Scala FP 扫盲

scala 函数式编程

fold

List(a, b, c, d)
foldRight: 尾元素d 先于 z 施用op; op(a,op(b,op(c,op(d,z)))); 非尾递归
foldLeft: 头元素a 先于 z 施用op; op(op(op(op(z,a),b),c),d); 尾递归

def foldRight[A, B](l :List[A], z: B)(op: (A, B) => B): B = l match {
    case Nil => z
    case h :: t => op(h, foldRight(t, z)(op))
  }
  def foldLeft[A, B](l :List[A], z: B)(op: (A, B) => B): B = l match {
    case Nil => z
    case h :: t => foldLeft(t, op(h, z))(op)
  }
  println(foldRight(List(1,2,3,4,5), 0)((a, b) => {println(a, b); b + a}))
  println(foldLeft(List(1,2,3,4,5), 0)((a, b) => {println(a, b); b + a}))

(5,0)
(4,5)
(3,9)
(2,12)
(1,14)
15
(1,0)
(2,1)
(3,3)
(4,6)
(5,10)
15

Either

trait Either[+E, +A]

E代表异常类型，A代表计算类型
Left代表无法完成计算, Right 代表计算正常完成

case class Employee(name: String, age: Int, salary: Double)
  def getAge(msg: String, v: Int): Either[String, Int] = if(v <= 18) Left(msg) else Right(v)
  def getName(msg: String, v: String): Either[String, String] = if(v.isEmpty) Left(msg) else Right(v)
  def getSalary(msg: String, v: Double): Either[String, Double] = if(v < 0.0) Left(msg) else Right(v)
  var e1 = for {
    age <- getAge("invalid age", 26).right
    name <- getName("invalid name", "").right
    salary <- getSalary("invalid salary", 10000.0).right
  } yield Employee(name, age, salary)
  println(e1)
  //用map2_s合并错误 monad貌似不行
  def map2_s[A,B,C](a: Either[String, A],b: Either[String, B])(f: (A, B) => C): Either[String, C] = (a, b) match {
    case (Left(e), Left(ee)) => Left(e + "," + ee)
    case (_, Left(e)) => Left(e)
    case (Left(e), _) => Left(e)
    case (Right(a), Right(b)) => Right(f(a, b))
  }
// 编译不过
//  def map3_s[A,B,C,D](a: Either[String, A],b: Either[String, B],c: Either[String, C])(f: (A, B, C) => D): Either[String, D] =
//    map2_s(a, b)((a, b) => map2_s(c, Right(a,b))((ax, bx) => f(bx._1, bx._2, ax)))
 def map3_s[A,B,C,D](a: Either[String, A],b: Either[String, B],c: Either[String, C])(f: (A, B, C) => D): Either[String, D] =
    map2_s(a, map2_s(b, c){(bx, cx) =>
      (bx, cx)
    }){(ax, bcx) => f(ax, bcx._1, bcx._2)}
  val e2 = map2_s(getAge("invalid age", 17), getName("invalid name", ""))((a, b) => map2_s(getSalary("invalid salary", 10000.0), Right(a,b))((ax, bx) => Employee(bx._2, bx._1, ax)))
  val e3 = map3_s(getName("invalid name", ""), getAge("invalid age", 17), getSalary("invalid salary", 10000.0))((a, b, c) => Employee(a, b, c))
  println(e2)
  println(e3)

Left(invalid name)
Left(invalid age,invalid name)
Left(invalid name,invalid age)

lazy evaluation

def pair(x: => Int):(Int, Int) = (x, x)
  println(pair({println("hello");1}))

hello
hello
(1,1)

参数x的类型是 => Int, 代表x参数是non-strict的。

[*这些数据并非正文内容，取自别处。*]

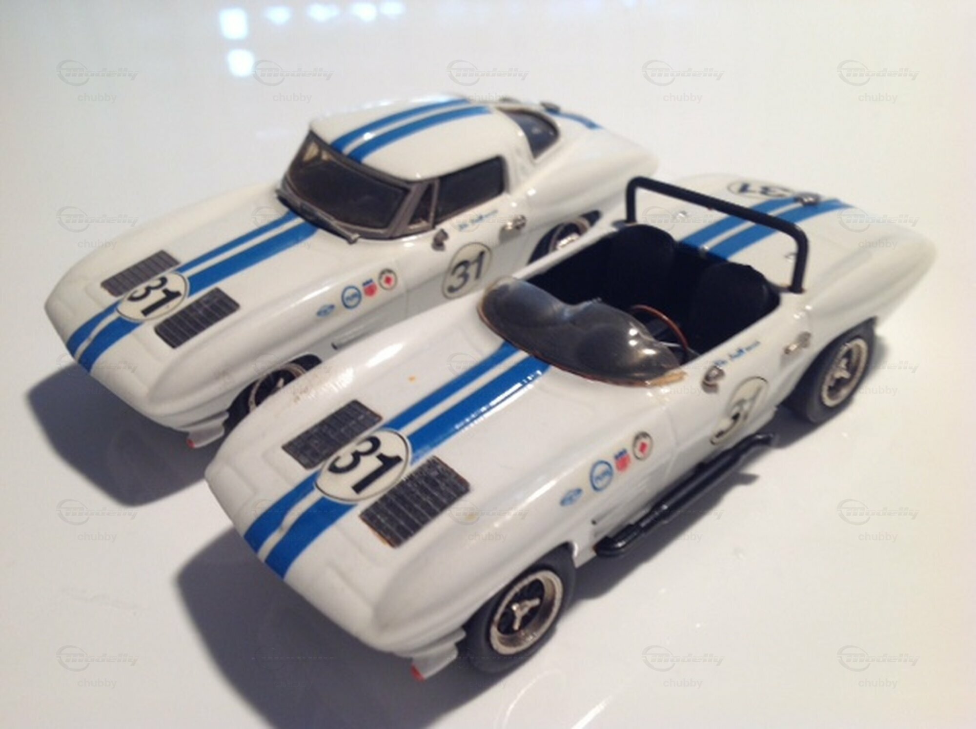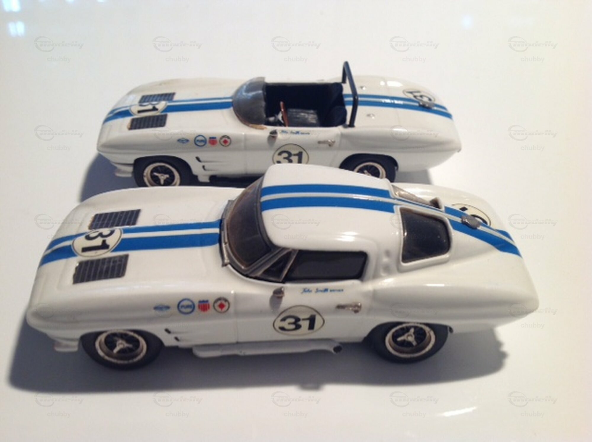 Der englische Hersteller St Martins Classic Supercars machte zwei C2 1963-Versionen mit der Nummer 31, ein Coupé und einen Speedster. Als Fahrer ist ein John Smith angegeben. Möglicherweise handelte es sich um einen Engländer. Belege für die Existenz dieses Autos habe ich keine gefunden. Die beiden hübschen, alten Weissmetall-Modelle strahlen einen ausgesprochen traditionellen Charme aus.
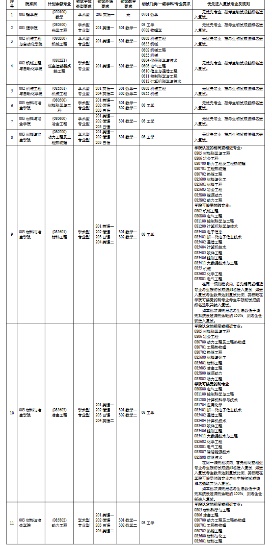 考生第*志愿报考专业为材料与化工(0856)、材料科学与工程(0805)、冶金工程(0806)及其下属各专业优先;其次为化学工程与技术(0817)、电子信息(0854)、能源动力(0858)、核科学与技术(0827)及其下属各专业。

(call-by-name)
non-strict参数每次使用时都会重新计算一次。
从 内部实现机制来解释:这是因为编译器(compiler)遇到non-strict参数时会把一个指针放到调用堆栈里,而不 是惯常的把参数的值放入。
所以每次使用non-strict参数时都会重新计算一下

lazy声明可以解决non- strict参数多次运算问题

def pair2(x: => Int):(Int, Int) = {
    lazy val lx = x
    (lx, lx)
  }
println(pair2({println("hello");1}))

hello
(1,1)

  def inc(i :Int) = i + 1
  def lazyInc(x: => Int) = 1
  def pair3(x: => Int) = inc(x) //x被计算
  def pair4(x: => Int) = lazyInc(inc(x)) //inc(x)不被计算
  println(pair3({println("hello3");1}))
  println(pair4({println("hello4");1}))

hello3
2
1

call-by-name
求职：在使用的地方就会被求职
class构造函数参数不可以是non-strict,所以要lazy必须传函数() => ???

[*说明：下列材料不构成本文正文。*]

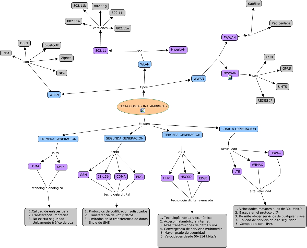 Este Cmap, tiene información relacionada con: TECNOLOGIA INALAMBRICA, CDMA tecnología digital 1. Protocolos de codificacion sofisticados 2. Transferencia de voz y datos 3. Limitados en la transferencia de datos 4. Envío de SMS, WLAN son 802.11, WPAN son NFC, FDMA tecnología analógica 1.Calidad de enlaces baja 2.Transferencia imprecisa 3. No existía seguridad 4. Únicamente tráfico de voz, MWWAN son REDES IP, FWWAN son Satélite, 802.11 versiones 802.11b, TERCERA GENERACION 2001 GPRS, TERCERA GENERACION 2001 HSCSD, SEGUNDA GENERACION 1990 GSM, TECNOLOGIAS INALAMBRICAS Existen SEGUNDA GENERACION, CUARTA GENERACION Actualidad WIMAX, TECNOLOGIAS INALAMBRICAS Existen CUARTA GENERACION, MWWAN son UMTS, PRIMERA GENERACION 1979 AMPS, WPAN son DECT, SEGUNDA GENERACION 1990 IS-136, TECNOLOGIAS INALAMBRICAS Existen PRIMERA GENERACION, TECNOLOGIAS INALAMBRICAS tipos WLAN, FWWAN son Radioenlace
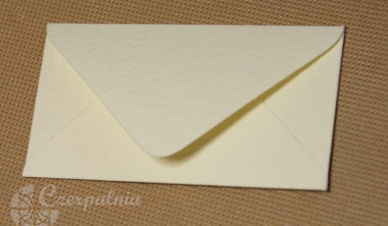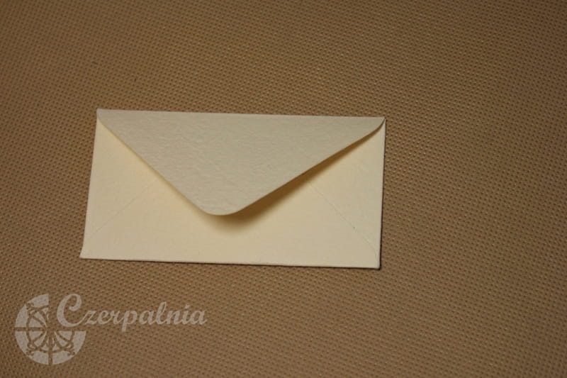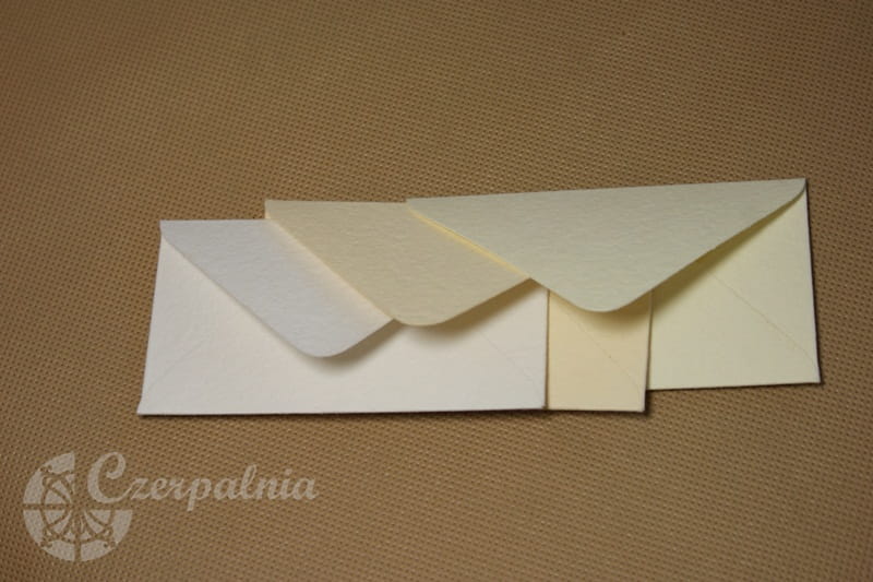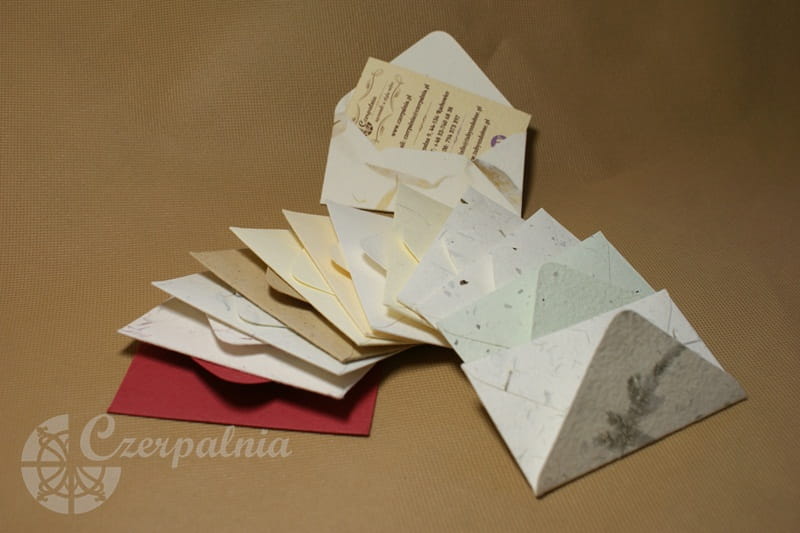 Mini kopertki wycięte zostały z różnych rodzajów papierów czerpanych kolorowych. Trójkątna klapka.

case class Pair(x : => Int, y : => Int) //编译不过
case class Pair(x : () => Int, y : () => Int) {
    def pairF = (x, y)
    def pair = (x(), y())
  }
println(Pair(() => 1, () => 2))
println(Pair(() => 1, () => 2).pairF)
println(Pair(() => 1, () => 2).pair)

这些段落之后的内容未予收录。